Except for the above, the guaranteed investment contracts do not permit the contract issuers to terminate the agreement prior to the scheduled maturity date at an amount different from contract value.
Allocation of Net Investment Income/(Loss) to Participants
Net investment income/(loss) is allocated to participant accounts daily, in proportion to their respective account balances on that day.
Expenses of Administration
Expenses of administration are paid by the Plan Sponsor, Kellogg Company.

Participant Withdrawals
Benefit payments to participants are recorded when paid.

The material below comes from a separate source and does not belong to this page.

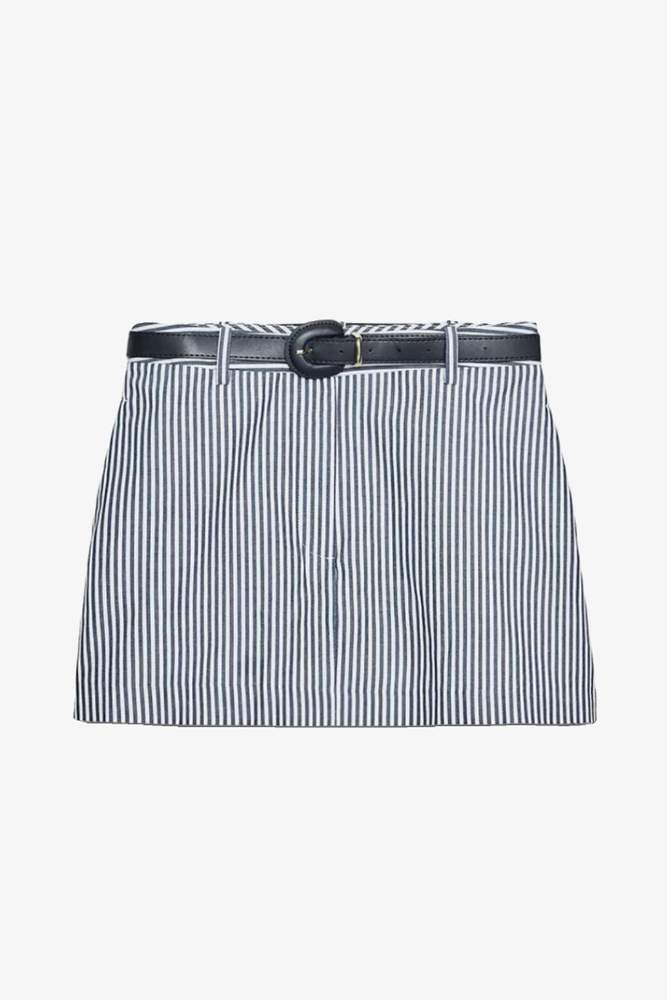 DenverDevoteeWhite crochet sweater with flared sleeves, blue-and-white striped mini skort, browns sandals, small floral handbag, and dark olive sunnies.

Notes Receivable From Participants
Notes receivable from participants are recorded at net realizable value. No allowance for credit losses has been recorded as of December 31, 2021 or 2020. Loans determined to be uncollectible are deemed distributed and recorded as participant withdrawals.
Risks and Uncertainties
The Plan provides for various investment options in several investment securities. Investment securities are exposed to various risks, such as interest rate, market and credit. Due to the level of risks associated with certain investment securities and the level of uncertainty related to changes in the value of investment securities, it is at least reasonably possible that changes in risks in the near term would materially affect participants’ account balances and the amounts reported in the Statements of Net Assets Available for Benefits and the Statements of Changes in Net Assets Available for Benefits.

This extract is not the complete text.